Member of the Puerto Rico House of Representatives from the 16th District (Mayagüez)
- In office January 2, 1933 – January 2, 1941

Personal details
- Born: María Luisa Arcelay De la Rosa December 23, 1893 Mayagüez, Puerto Rico
- Died: October 17, 1981 (aged 83) Mayagüez, Puerto Rico
- Profession: Teacher, Politician

= María Luisa Arcelay =

Puerto Rican politician and businesswoman

María Luisa Arcelay (December 23, 1898 – October 17, 1981), was an educator, businesswoman and politician. In November 1932, she became the first woman in Puerto Rico and Latin America to be elected to a government legislative body, when she was elected to represent the district of Mayagüez in the House of Representatives of Puerto Rico.

==Early years==
Arcelay was one of five children born to Ricardo Arcelay and Isabel de la Rosa in Mayagüez, Puerto Rico. There she graduated as an elementary level English teacher from the Normal School in Rio Piedras, where she earned her teachers certificate.

==Educator==
Arcelay began her career as an educator when she was hired as an English language teacher at Theodore Roosevelt High School. Later she taught at the Jose de Diego High School, both schools located in the city of Mayagüez. During her spare time she worked as a bookkeeper for various commercial firms in the area.

==Businesswoman and politician==
By 1920, Arcelay left her career as an educator and together with Lorenza Carrero founded a needlework workshop which evolved into a needlework factory. Her company employed many local women, who had no other means to sustain themselves economically. She was also an activist who defended the island's needlework industry in many public hearings. These hearings were held in Puerto Rico, and in New York City and Washington, D.C.

Arcelay was member of the Partido Coalicionista de Puerto Rico (The Puerto Rican Coalition Party). In the November 1932 elections, she was elected to represent the district of Mayagüez in the House of Representatives of Puerto Rico. This made Arcelay thereby the first Puerto Rican woman, and the first woman in all of Latin America, to be elected to a government legislative body.
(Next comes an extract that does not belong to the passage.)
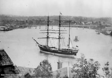 | Keywords: StateLibQld 1 105604 Indus (ship) anchored in the South Reach of the Brisbane River, Brisbane, 1876.jpg en Indus ship anchored in the South Reach of the Brisbane River Brisbane 1876 View of the Indus at anchor in the Brisbane River The first permanent Victoria Bridge which had a revolving mechanism to allow shipping to pass through can be seen in the background The view is looking from River Terrace South Brisbane with the city on the right of the bridge The Indus was built in 1847 and weighed 1 319 tons The ship was built as a steamer but was later converted into a sailing vessel Between 1870 and 1876 it made six voyages to Moreton Bay with immigrants on board 1876 handle 10462/deriv/92464 Item is held by John Oxley Library State Library of Queensland PD-Australia StateLibQld-License Barques Sailing ships of Australia First Victoria Bridge Brisbane Brisbane River Indus ship 1847 Ships in Brisbane 1876 in Brisbane Black and white photographs |

Arcelay used her position as president of the Agriculture and Commerce Commission, to continue her defense of the needlework industry before local and federal authorities. She also played an instrumental role in making the industry (both its prices, and it products) compatible with the United States market, by opposing any minimum wage legislation for seamstresses and common workers.

In August 1932 the needleworkers went on strike, to request higher salaries for their work. Police, who were called to protect employer properties, killed and wounded some strikers who stoned the workshop of Arcelay. Puerto Rican musician Mon Rivera wrote a song titled Alo, Quien Llama? (Hello, Who's Calling?), sometimes also referred to as Que Será. which describes the seamstress' strike and mentions Arcelay in the song.

In 1934, Arcelay presented a bill before the Puerto Rican legislature which established the Lottery of Puerto Rico. She was re-elected in 1936, during which time she introduced the bills to establish an orphanage and a juvenile court. She also presented bills to establish a teachers' pension and a School of Medicine at the University of Puerto Rico at Mayagüez.

Arcelay was named president of the Prices and Rationing Board No. 49 of Mayagüez, and was the director of the Victory bonds program in Puerto Rico during World War II. During the 1940s and 1950s, under her leadership, Puerto Rico's needlework industry grew to become the island's second-largest industry, behind agriculture.

==Legacy==
Arcelay participated in civic organizations such as the Women's Civic and Cultural Club of Mayagüez, and was the founder of the Altrusa Club of that city. She served in the government until 1940 and, in 1965, retired from her business career.

She died on October 17, 1981, in her hometown Mayagüez and is buried in Mayagüez's Old Municipal Cemetery,. The city named a school in her honor. There is a portrait of Maria Luisa Arcelay at the Schlesinger Library on the History of Women in America. It is located in the Radcliffe Institute for Advanced Study in Harvard University.

On August 22, 2005, the Chamber of Representatives of Puerto Rico, by the act R.de la C. 2631, named a portion of Puerto Rico's Capital Building as the Maria Luisa Arecelay hall, in her honor.

On May 29, 2014, The Legislative Assembly of Puerto Rico honored 12 illustrious women with plaques in the "La Plaza en Honor a la Mujer Puertorriqueña" (Plaza in Honor of Puerto Rican Women) in San Juan. According to the plaques the following 12 women, who by virtue of their merits and legacies, stand out in the history of Puerto Rico. On May 29, 2014, The Legislative Assembly of Puerto Rico honored 12 illustrious women with plaques in the "La Plaza en Honor a la Mujer Puertorriqueña" (Plaza in Honor of Puerto Rican Women) in San Juan. According to the plaques the 12 women, who by virtue of their merits and legacies, stand out in the history of Puerto Rico. Arcelay was among those who were honored.